What you are asked to do
Copy the data that appears below exactly. Drop the pictures.

***** Data provided

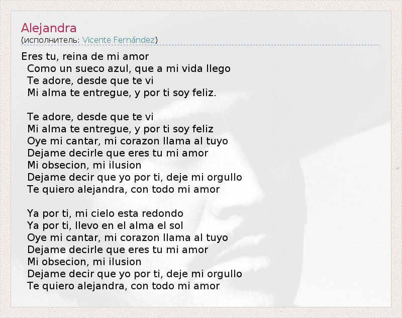 Eres tu, reina de mi amor Como un sueсo azul, que a mi vida llego Te adore, desde que te vi Mi alma te entregue, y por ti soy feliz. Te adore, desde que te vi Mi alma te entregue, y por ti soy feliz Oye mi cantar, mi corazon llama al tuyo Dejame decirle que eres tu mi amor Mi obsecion, mi ilusion Dejame decir que yo por ti, deje mi orgullo Te quiero alejandra, con todo mi amor Ya por ti, mi cielo esta redondo Ya por ti, llevo en el alma el sol Oye mi cantar, mi corazon llama al tuyo Dejame decirle que eres tu mi amor Mi obsecion, mi ilusion Dejame decir que yo por ti, deje mi orgullo Te quiero alejandra, con todo mi amor
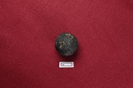 | Description / विवरण | A terracotta sling ball, red in colour, with a smooth surface. |
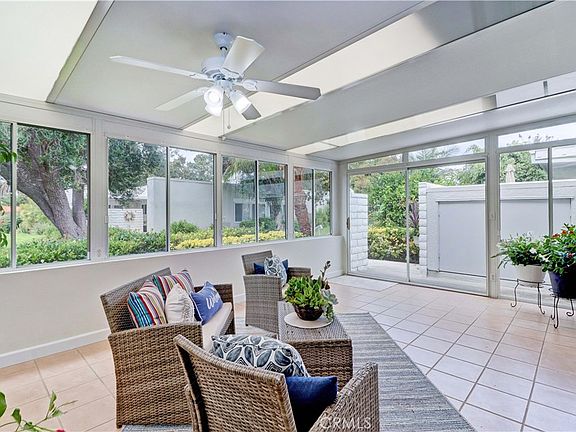 Upgraded "Coronado" co-op located in a beautiful area with sunny greenbelt location! Great improvements include enclosed front patio adding over 200 sq ft of living space (not included in sq footage total), brand new vinyl plank floors, fresh paint, ductless central mini-split system and partially open kitchen. Lovely setting close to carport and laundry room. Walk right up and notice the large patio storage cabinet and bright, enclosed sunroom with tile floors and light panels in the ceiling. Inviting glass front door leads to the living/dining area featuring 10 foot ceilings. There are 2 ductless mini-splits - one in living room and another in bedroom providing high efficiency heating and cooling. Kitchen area has been opened to provide easy interaction with the living room, cabinets refaced, brand new granite kitchen counters and microwave. Solartubes brighten the kitchen and bathroom areas. Bedroom and bathroom feature 7 foot doors to complement the high ceilings. There is a second mini-split in the bedroom to keep comfortable at night and large bathroom contains tub/shower combo. Laguna Woods Village residents enjoy a 27-hole championship golf course, a 9-hole executive par 3 course, pickleball and tennis courts, lawn bowling, gyms, clubhouses, swimming pools, horse stables, gardening centers, artist studios, computer workrooms and classes + over 200 clubs and organizations.

**********

Completed exercise
 Eres tu, reina de mi amor Como un sueсo azul, que a mi vida llego Te adore, desde que te vi Mi alma te entregue, y por ti soy feliz. Te adore, desde que te vi Mi alma te entregue, y por ti soy feliz Oye mi cantar, mi corazon llama al tuyo Dejame decirle que eres tu mi amor Mi obsecion, mi ilusion Dejame decir que yo por ti, deje mi orgullo Te quiero alejandra, con todo mi amor Ya por ti, mi cielo esta redondo Ya por ti, llevo en el alma el sol Oye mi cantar, mi corazon llama al tuyo Dejame decirle que eres tu mi amor Mi obsecion, mi ilusion Dejame decir que yo por ti, deje mi orgullo Te quiero alejandra, con todo mi amor
 | Description / विवरण | A terracotta sling ball, red in colour, with a smooth surface. |
 Upgraded "Coronado" co-op located in a beautiful area with sunny greenbelt location! Great improvements include enclosed front patio adding over 200 sq ft of living space (not included in sq footage total), brand new vinyl plank floors, fresh paint, ductless central mini-split system and partially open kitchen. Lovely setting close to carport and laundry room. Walk right up and notice the large patio storage cabinet and bright, enclosed sunroom with tile floors and light panels in the ceiling. Inviting glass front door leads to the living/dining area featuring 10 foot ceilings. There are 2 ductless mini-splits - one in living room and another in bedroom providing high efficiency heating and cooling. Kitchen area has been opened to provide easy interaction with the living room, cabinets refaced, brand new granite kitchen counters and microwave. Solartubes brighten the kitchen and bathroom areas. Bedroom and bathroom feature 7 foot doors to complement the high ceilings. There is a second mini-split in the bedroom to keep comfortable at night and large bathroom contains tub/shower combo. Laguna Woods Village residents enjoy a 27-hole championship golf course, a 9-hole executive par 3 course, pickleball and tennis courts, lawn bowling, gyms, clubhouses, swimming pools, horse stables, gardening centers, artist studios, computer workrooms and classes + over 200 clubs and organizations.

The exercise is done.